> **Directions**:
Drop the pictures and repeat the remaining data exactly.

> **Data**:
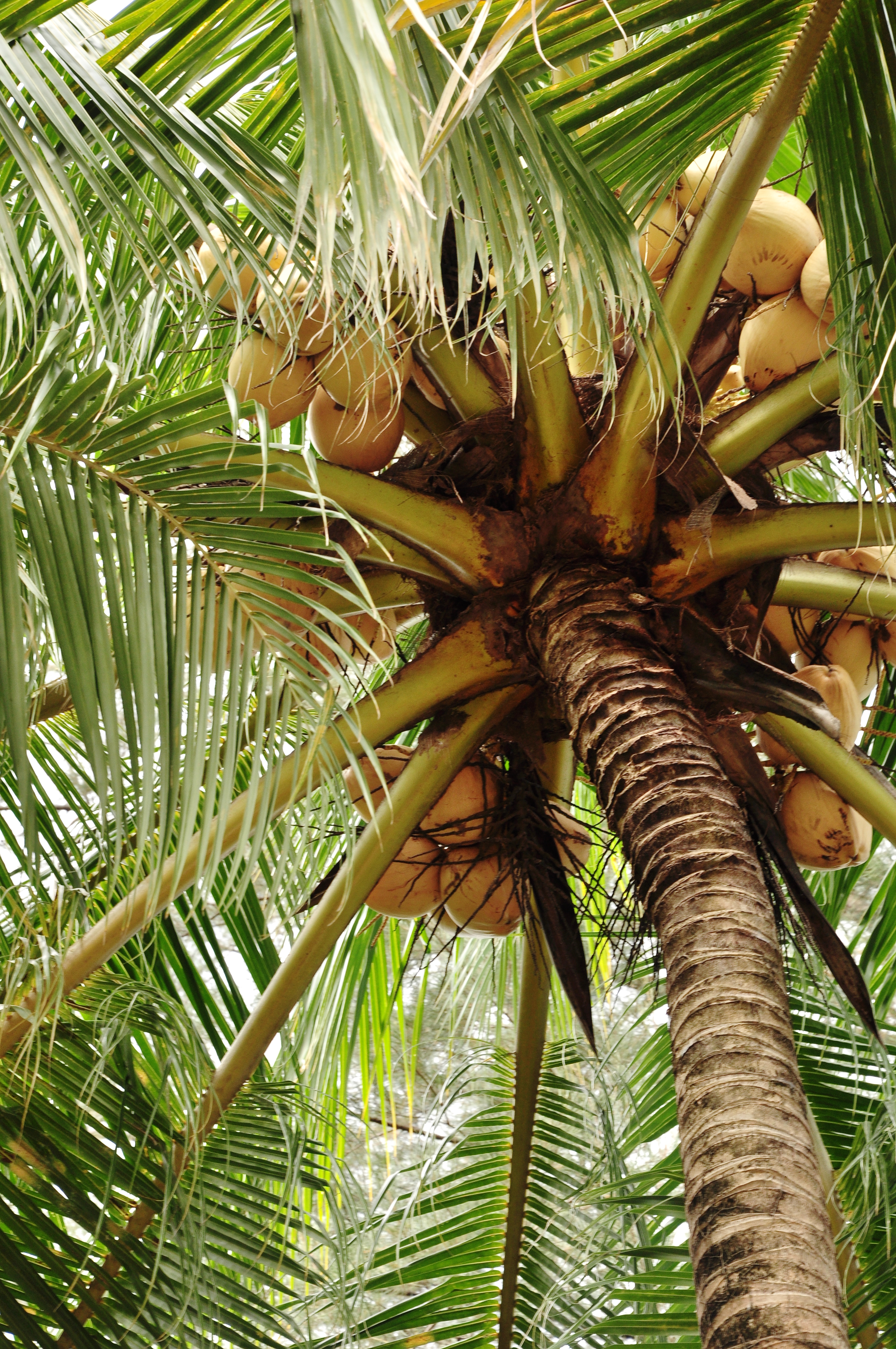 Coconuts on tree. Photo taken in Sabah, Malaysia.
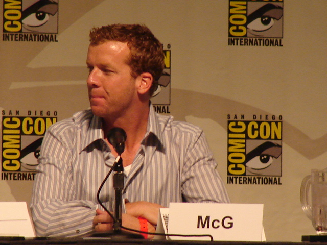 Comic-Con: Friday, July 27th
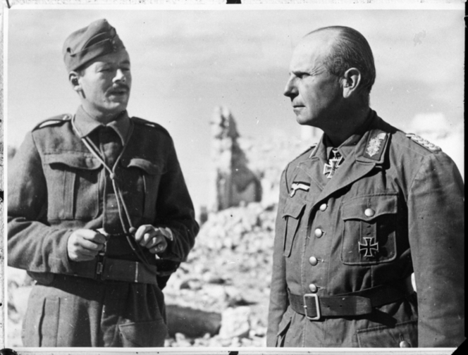 Captive German General Johann Theodor von Ravenstein, after his capture by the 21 New Zealand Battalion, with a British staff officer at Tobruk, Libya, during World War II. Taken circa 28 November 1941 by an official photographer. New Zealand. Department of Internal Affairs. War History Branch:Photographs relating to World War 1914-1918, World War 1939-1945, occupation of Japan, Korean War, and Malayan Emergency. Ref: DA-02004-F. Alexander Turnbull Library, Wellington, New Zealand.

> **Reply**:
 Coconuts on tree. Photo taken in Sabah, Malaysia.
 Comic-Con: Friday, July 27th
 Captive German General Johann Theodor von Ravenstein, after his capture by the 21 New Zealand Battalion, with a British staff officer at Tobruk, Libya, during World War II. Taken circa 28 November 1941 by an official photographer. New Zealand. Department of Internal Affairs. War History Branch:Photographs relating to World War 1914-1918, World War 1939-1945, occupation of Japan, Korean War, and Malayan Emergency. Ref: DA-02004-F. Alexander Turnbull Library, Wellington, New Zealand.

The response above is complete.